After ligation, competent cells were transformed and subsequently transferred to LB agar plates containing ampicillin as a selection marker in a concentration of 0.1%. Successful transformants were identified using colony pcr. 8 single colonies for each assembled domain were chosen for further PCR analysis. 1% agarose gel was used to separate fragments of different size apart.

Preparation of plasmid

The reagents and protocol from a Miniprep Kit of Thermo was used to isolate plasmid. After, the plasmid concentration was measured by Nano drop.

Digestion

Restriction enzymes from NEB (New England Biolabs) were used for digesting fragments. The digested fragments would be inserted into a vector for gene expression in fungi. According to the designed structure of gBlocks which was mentioned earlier, NotI and NsiI were used for inserting single domain into vector, while AgeI and BspEI were used to form scar area while more than one domain would be fused together. The protocol was obtained from double digestion manual of NEB.

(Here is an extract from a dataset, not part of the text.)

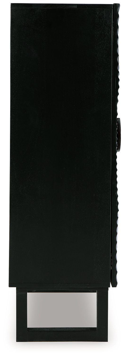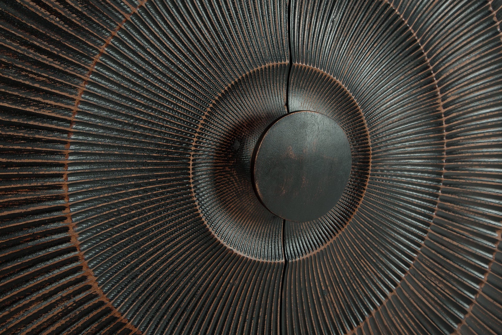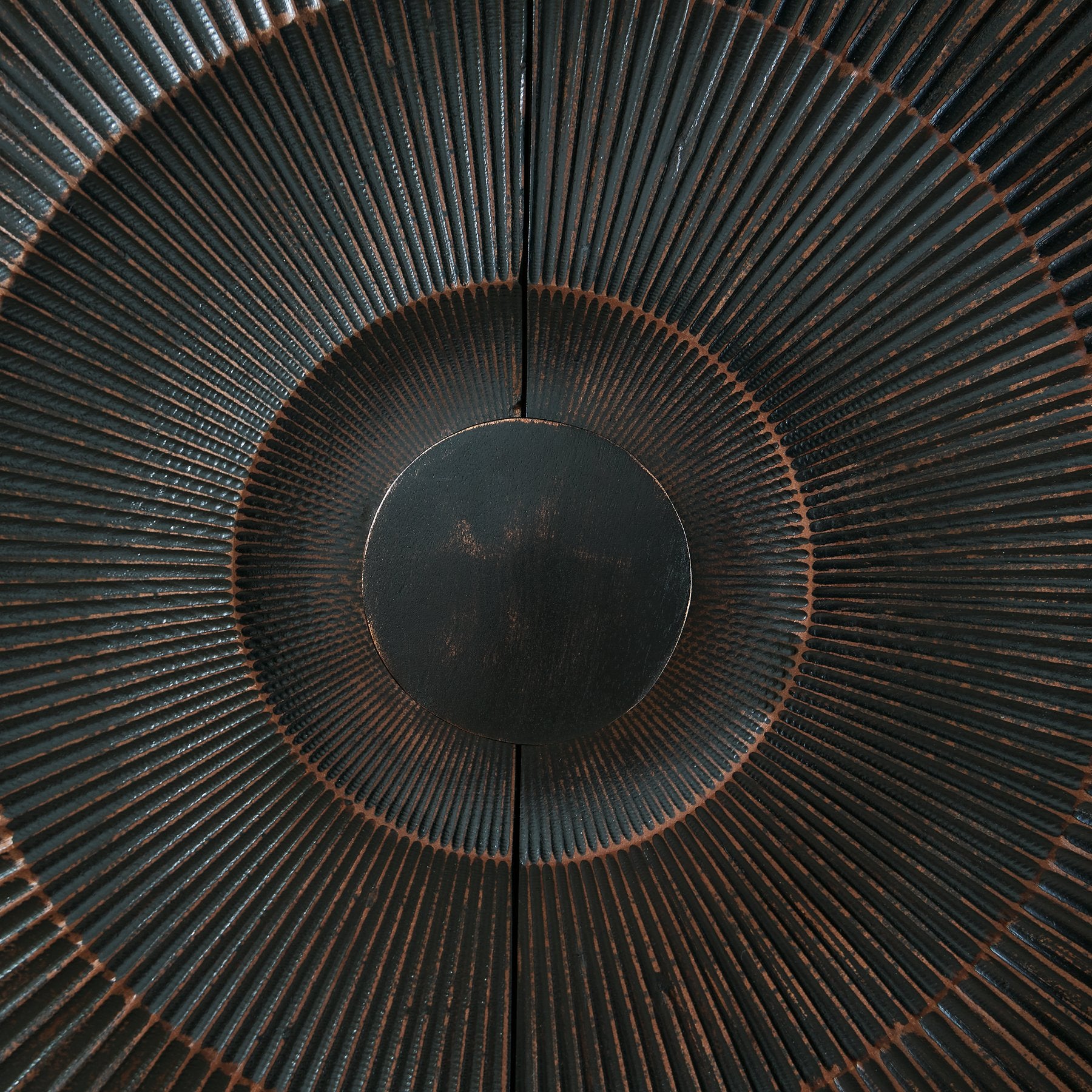 El estilo sofisticado está en auge con este armario con detalles de madera. Sus impresionantes puertas, adornadas con un diseño tallado de rayos de sol y un tirador de madera de gran tamaño, se abren para revelar dos estantes. Su acabado negro envejecido le aporta un toque contemporáneo. Ya sea para guardar cosas o para ocultar el desorden, este armario es una auténtica joya.| Dimensión completa | 40 ancho x 15 profundidad x 48 alto |

Purification of DNA fragment

After digestion, a 1% agarose gel was used for DNA extraction. After the DNA fragments with different sizes were separated on the gel, the band with the expected size was cut out. The reagents and protocol from Gel extraction Kit of Thermo were used to purify the fragment, then the concentration of fragment was measured by Nano drop.

Results

Colony PCR confirmed the succesful assembly of Gblocks of each domain, shown in Figure 3. Correct assembly fragments could be obtained.

Figure 3: Colony PCR results for the domains.

The ligation of KS domain in vector is confirm by observing the band in the expected size, shown in Figure 5.

Figure 4: Successful ligation of KS domain.

To confirm the expected potential to be a lovastatin producer, the lovastatin resistance of A. niger was tested. The fungus was incubated on plates with different concentrations of lovastatin.

Figure 5: Lovastatin plate with A. niger on it.

Future Perspective

The production medium of lovastatin in Aspergillus niger was designed with xylose as the carbon source. After LovB gene is inserted into A. niger, the expression level could be detected. Additionally, the combination of LovB, LovC, LovG and even other necessary lov enzymes together is feasible and result in a super lovastatin productive enzyme.

References

1.Tobert, J. A. (2003). Lovastatin and beyond: The history of the HMG-CoA reductase inhibitors. Nature Reviews Drug Discovery, 2(7), 517-526.
2.Campbell, C. D., & Vederas, J. C. (2010). Biosynthesis of Lovastatin and Related Metabolites Formed by Fungal Iterative PKS Enzymes. Biopolymers, 93(9), 755-763.
3.Xu, W., Chooi, Y. H., Choi, J. W., Li, S., Vederas, J. C., Da Silva, N. A., & Tang, Y. (2013). LovG: The Thioesterase Required for DihydromonacolinL Release and Lovastatin Nonaketide Synthase Turnover in Lovastatin Biosynthesis. Angewandte Chemie-International Edition, 52(25), 6472-6475.
4.Ames, B. D., Nguyen, C., Bruegger, J., Smith, P., Xu, W., Ma, S., Tsai, S. C. (2012). Crystal structure and biochemical studies of the trans-acting polyketide enoyl reductase LovC from lovastatin biosynthesis. Proceedings of the National Academy of Sciences of the United States of America, 109(28), 11144-11149.
5.Ma, S. M., & Tang, Y. (2007). Biochemical characterization of the minimal polyketide synthase domains in the lovastatin nonaketide synthase LovB. Febs Journal, 274(11), 2854-2864.